Finally, we consider interface structures consisting of pristine and fully functionalized carbynes (see insets in Fig. 7b for the device structures). Current rectification is expected in such interfacial systems because of the semiconducting and metallic properties of their constituents. Figure 7a shows the IV curves of the considered samples (open-red circles and filled-blue squares) together with the results for the pristine carbyne (filled-black circles). There are several distinct features in the IV curves of the hybrid systems as compared to the one obtained for pristine carbyne. First, the voltage range with zero current reduces (\(\le\) 0.2 V) due to reduced band gap in the electronic structure. Second, the current shows a linear dependence on the voltage starting from small biasing, which is not present in the reference sample. The current enhancement is also obtained in the hybrid systems.
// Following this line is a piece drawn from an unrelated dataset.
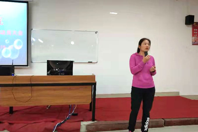 教师代表、体育学院院长助理杨毅华发言,她从安全意识(人身安全、财产安全)、纪律意识(遵守学校纪律、实习单位纪律)和锻炼意识(去学习去锻炼的工作态度,忌眼高手低)三方面对学生实习提出建议。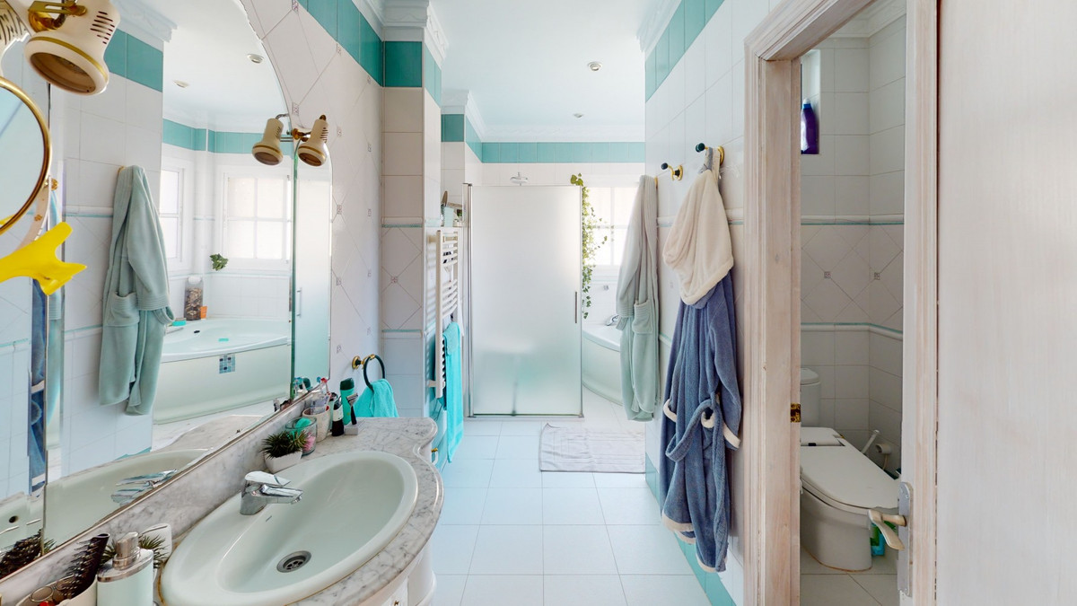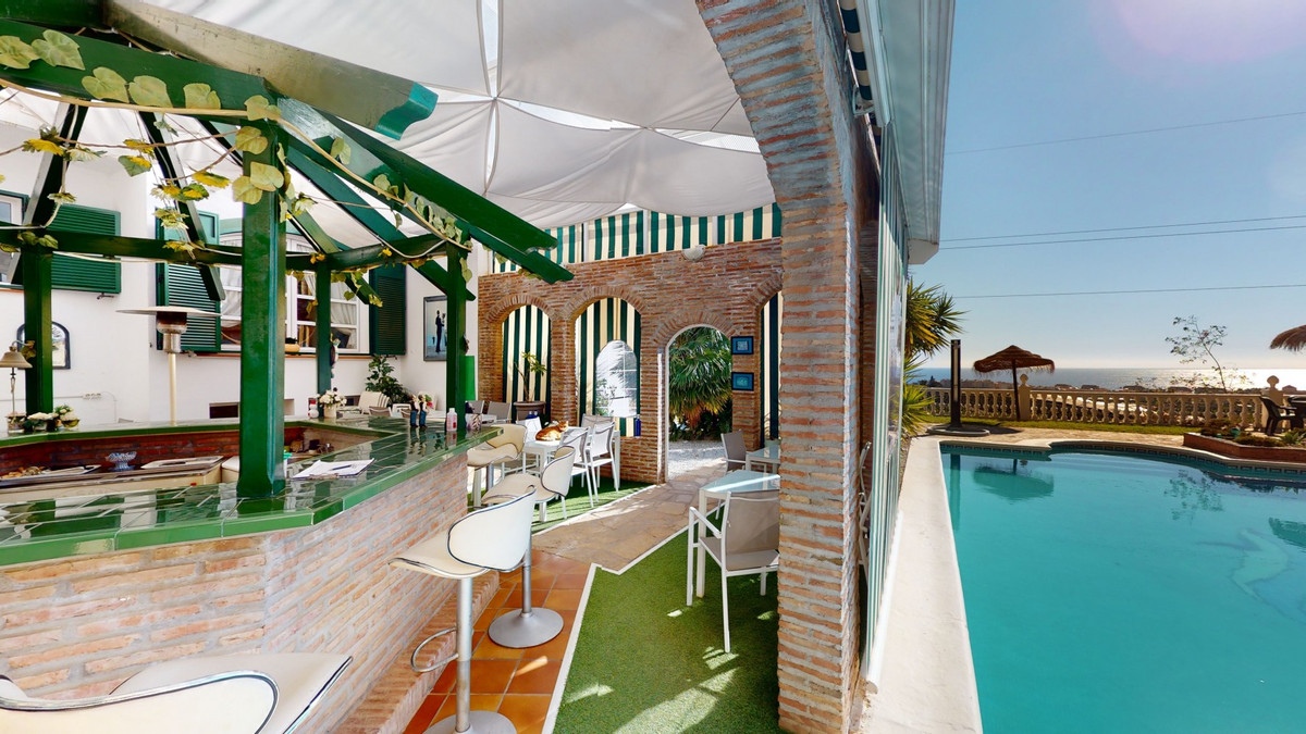 Vous avez toujours rêvé d'une grande et élégante demeure pouvant accueillir toute la famille ? Nous avons la propriété idéale pour vous. Cette villa d'environ 500 m² est divisée en deux maisons jumelées. Chaque logement dispose de sa propre entrée et de cinq niveaux. De plus, chaque partie de la maison comprend une dépendance pour les invités. Parfaite pour une famille nombreuse, un investissement locatif ou un club de tennis, les possibilités sont nombreuses. Un sous-sol spacieux et commun, avec buanderie, rangements et accès à l'extérieur, relie les deux parties de la villa. Des escaliers séparés mènent au rez-de-chaussée. De part et d'autre, on trouve l'entrée principale, des toilettes invités et un vaste séjour-salle à manger avec cuisine ouverte et une vue imprenable sur la côte. Le premier étage comprend une pièce pouvant servir de bureau et la suite parentale avec salle de bains privative, dressing et petite terrasse. Au deuxième étage, les duplex s'ouvrent sur une cuisine commune avec accès à l'étage supérieur. Un large escalier commun mène au dernier étage de la propriété, où se trouvent deux chambres avec salles de bains privatives. Les deux annexes indépendantes, situées au rez-de-chaussée, comprennent un espace de vie ouvert avec chambre, kitchenette et salle de bains. Le point fort de la propriété est sans conteste son espace extérieur. Juste à côté de la villa se trouve un bar couvert avec des sièges, idéal pour les réceptions été comme hiver. Pour se rafraîchir lors des chaudes journées d'été, plongez dans la piscine accueillante ou détendez-vous sur un transat face à la mer. Derrière une clôture recouverte de lierre, un court de sable ravira les amateurs de tennis. Au-dessus du court se trouve un bâtiment abritant un sauna, des douches et des toilettes. La propriété dispose de deux grands parkings. L'un, au niveau supérieur, donne accès à la cuisine commune et au sauna. L'autre, avec un abri voiture, se situe au niveau inférieur, où se trouvent les entrées principales des maisons jumelées, ainsi que la piscine et le court de tennis. La propriété est autonome grâce à son propre système d'approvisionnement en eau et d'assainissement. Un puits de 15 000 litres alimente le complexe et le court de tennis. Nous sommes ravis de pouvoir vous présenter prochainement cette propriété de rêve, en personne ou en visite virtuelle. Car ce lieu est unique, à l’image de notre Axarquía. En Andalousie. Sur la Costa del Sol. Ici, sous le soleil…

Finally, the current for the reverse biasing is larger then the one for the forward biasing, i.e., current rectification is obtained in the hybrid systems. To estimate the rectification level, we have calculated the asymmetry as the ratio of reverse to forward current. Figure 7b shows the asymmetry for both structures. Maximum rectification (> 50%) is obtained for small bias voltage. The asymmetry decreases with increasing the applied bias. Both samples show similar rectification with slightly larger rectification value for the fluorinated system.

4 Conclusions

We have conducted first-principles quantum transport calculations to study the effect of surface functionalization of the electronic transport properties of carbyne. Both hydrogenation and fluorination result in significant structural changes and semiconducting to metallic transition as revealed in our band structure calculations. As a consequence, the current in the functionalized samples becomes larger than the one obtained for pristine carbyne for a given value of the applied voltage. Such current enhancements originates from the extension of the electronic states along the carbon chain. Current rectification is obtained in hybrid systems consisting of pristine and functionalized carbyne due to semiconducting and metallic behaviors of their constituents. These findings can be useful in developing low dimensional carbon structures with tunable electronic properties.